The MEP responsible for guiding the IP enforcement directive through the European Parliament, Janelly Fourtou - the wife of Vivendi Universal president and chief executive Jean-Rene Fourtou - granted the delay in response to demands by a majority of the Parliament's Judicial Affairs Committee. MEPs including Social Democrats, Liberals and Greens argued that more discussion was necessary to understand the directive's implications, according to sources familiar with the situation.
A vote is unlikely before the end of the year, however, because the EU Council has introduced its own version of the directive, which must be reconciled with the version in Parliament, according to Andreas Dietl, EU affairs director with European Digital Rights (EDRI).
When the proposal was first introduced in January, it drew a "dismayed" reaction from the International Federation of the Phonographic Industry (IFPI) and other copyright-holder lobbyists, which called for the measures to be beefed up.

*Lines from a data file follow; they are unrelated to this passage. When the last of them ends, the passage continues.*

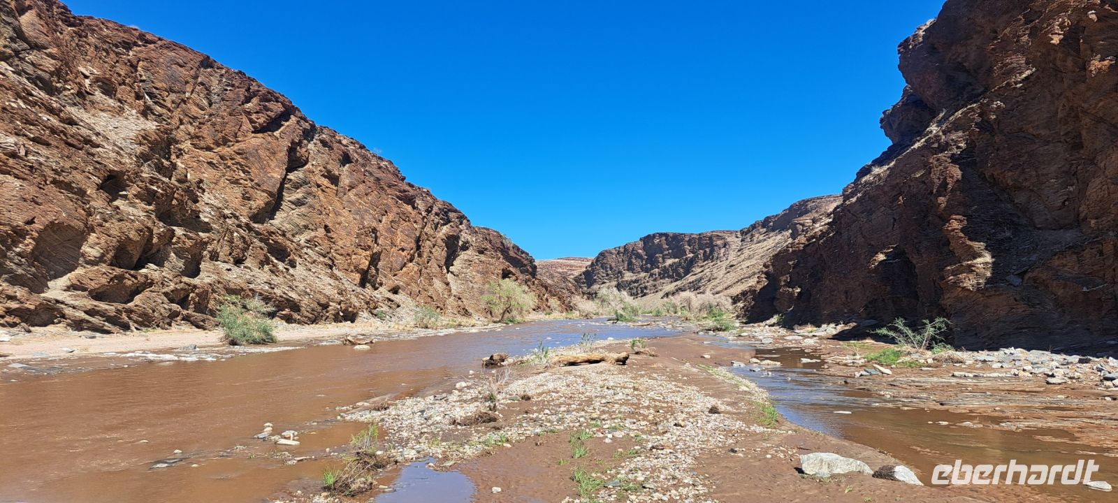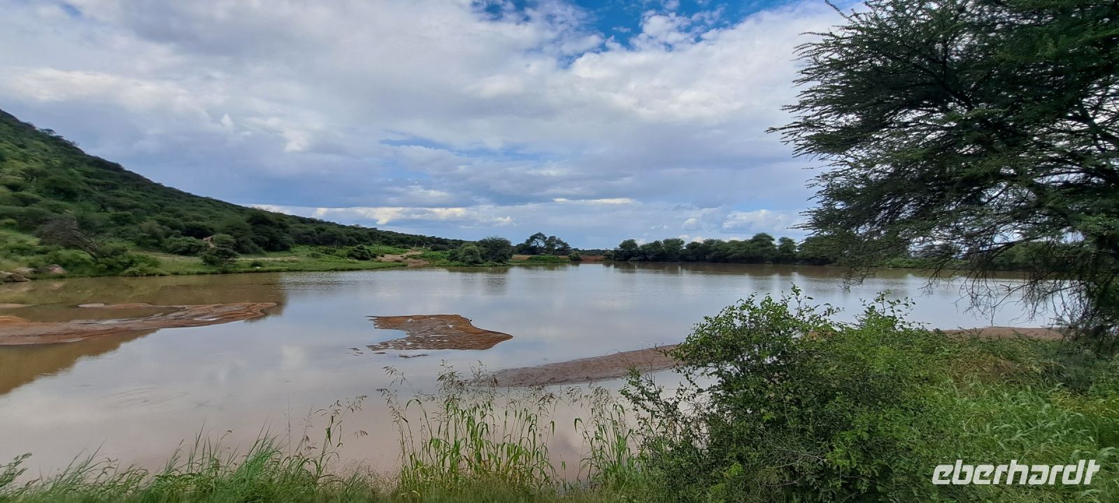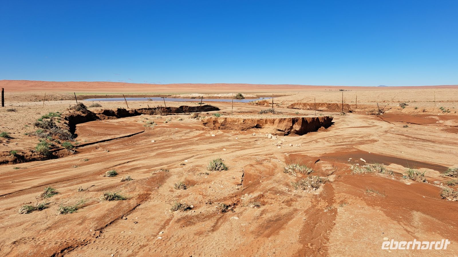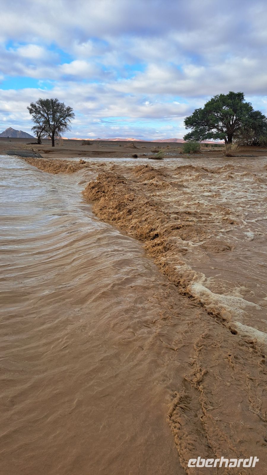 Normalerweise ein ausgetrocknetes Flussbett, strömt jetzt eine gewaltige Wassermenge durch die Wüste. Eine Überquerung ist unmöglich. Also ändern wir spontan den Plan und erklimmen stattdessen die nahegelegene Elim-Düne. Von oben haben wir einen spektakulären Blick auf das Unfassbare: grüne Wiesen in der Wüste, durchzogen von Wasserläufen. Namibia zeigt sich heute wieder von einer Seite, die nur wenige je zu Gesicht bekommen.
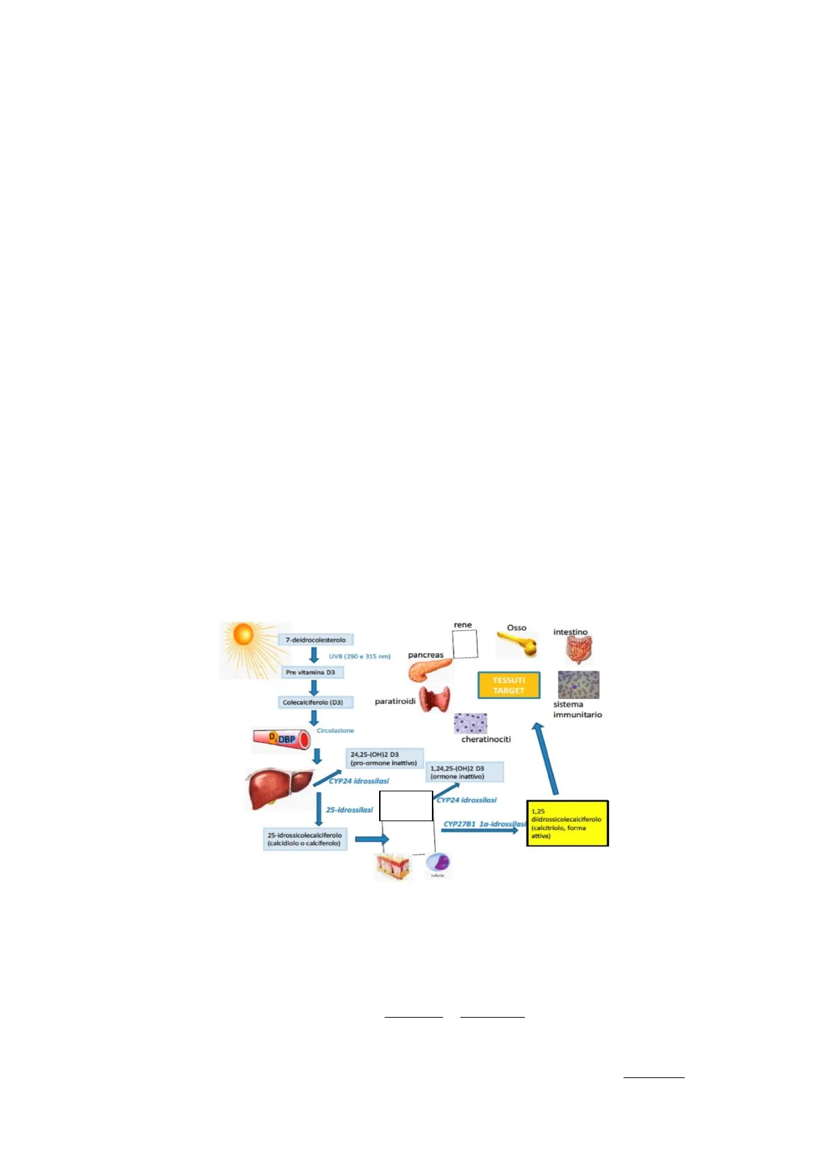 CICLO DELLA VITAMINA D rene Osso intestino 7-deidrocolesterolo UVB (290 e 315 nm) pancreas Pre vitamina D3 TESSUTI TARGET Colecalciferolo (D3) paratiroidi sistema immunitario Circolazione DA DBP cheratinociti 24,25-(OH)2 D3 (pro-ormone inattivo) 1,24,25-(OH)2 D3 (ormone inattivo) CYP24 idrossilasi CYP24 idrossilasi 25-idrossilasi RENE CYP27B1 1a-idrossilasi 1.25 diidrossicolecalciferolo (calcitriolo, forma attiva) 25-idrossicolecalciferolo (calcidiolo o calciferolo) Il ciclo della vitamina D parte dall'esposizione solare, se non c'è un'adeguata esposizione solare, non si può attivare tutto il ciclo. Nel nostro organismo abbiamo una molecola, il 7-deidrocolesterolo, che grazie ai raggi ultravioletti, in particolar modo gli UVB, diventa Pre Vitamina D3, per poi diventare vitamina D3 o anche detta Colecalciferolo (D3). Il colecalciferolo va in circolo, arriva a livello epatico, e qui farà la sua prima idrossilazione e diventa 25-idrossicolecalciferolo (anche detta calcidiolo o calciferolo), quindi è un ormone, una vitamina D che ha un'idrossilazione, che poi è quello che viene misurato dagli esami del sangue (25-OH-vitamina D). C'è poi una seconda idrossilazione, a livello del rene, dove diventerà a questo punto la forma attiva, ovvero, sarà 1,25-diidrossicolecalciferolo, quindi idrossilato sul punto 1 e sul punto 25, anche detta calcitriolo, che sarebbe la vitamina D attiva.È importante conoscere queste fasi, perché noi abbiamo diverse tipologie di supplementazione:
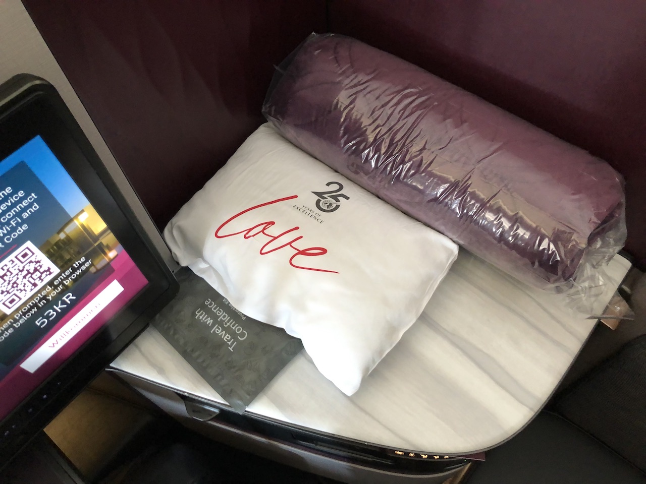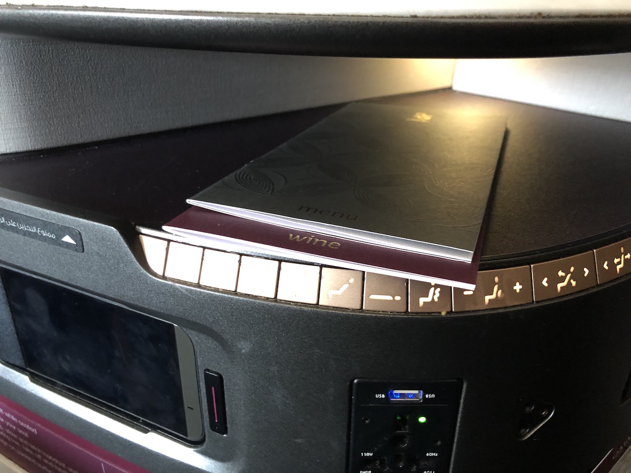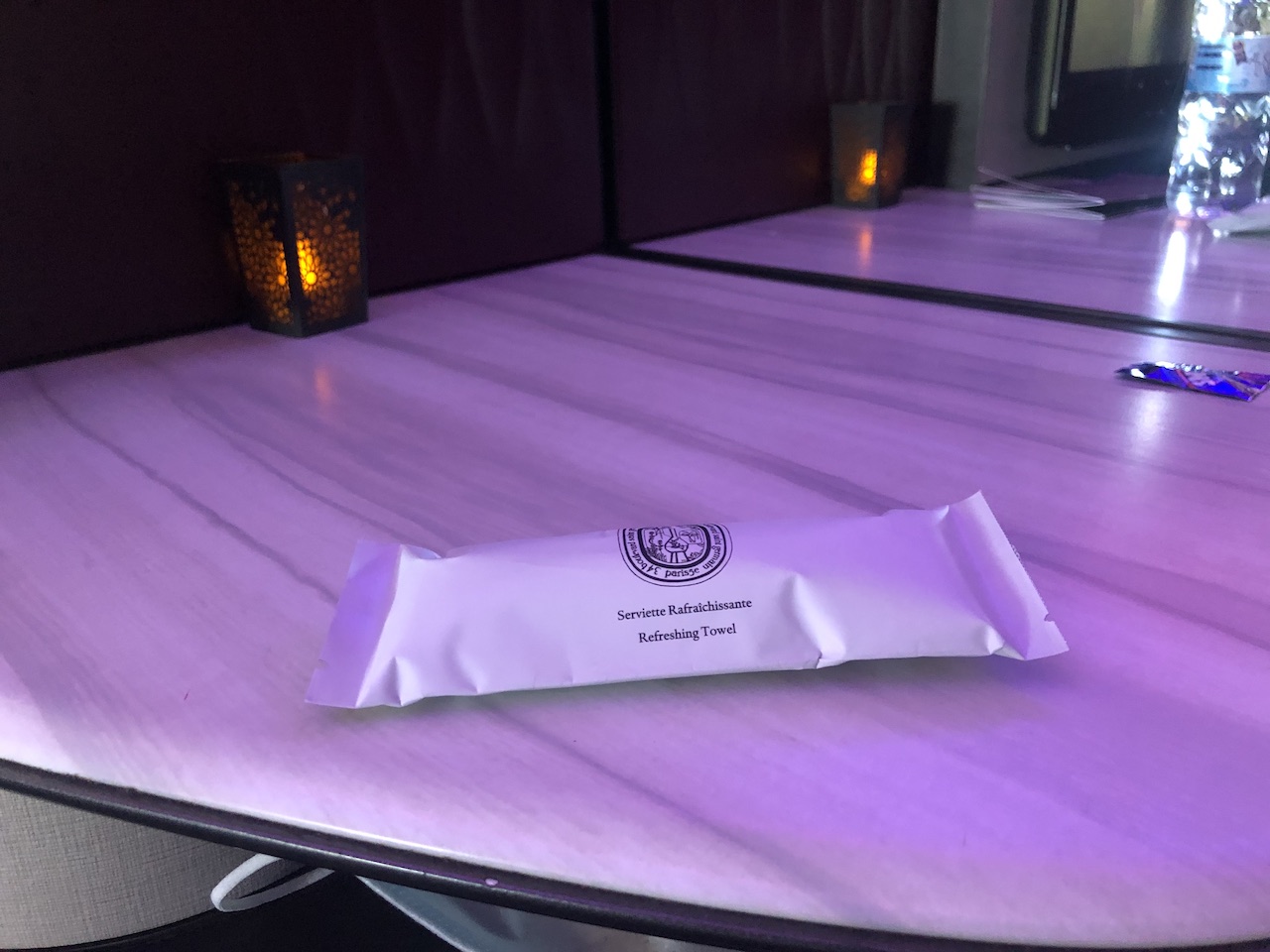 Moodlight und indirekte Beleuchtung sind ein absoluter Pluspunkt und kamen auch heute wieder sehr gut zur Geltung. Direkt hinter unseren Plätzen war eine Trennwand zur Economy Class, eine Zwischenklasse gibt es bei Qatar (noch) nicht.

The IFPI argued in January that the proposed measures are not tough enough to hold back an "epidemic of counterfeiting", complaining that "the tools the proposal introduces to bring actions against infringers do not even reach the levels already available under some existing national laws" and may "fall short" of what it called international standards, in a reference to the US' Digital Millennium Copyright Act (DMCA).
The draft legislation aims to represent "best practice" legislation, rather than taking on board the strongest anti-piracy measures of the member states, according to the EU.
Critics from civil liberties organisations say that large multinationals would be the biggest beneficiaries of the directive, because of its ban on reverse engineering, while street buskers and book readers for the blind would be criminalised.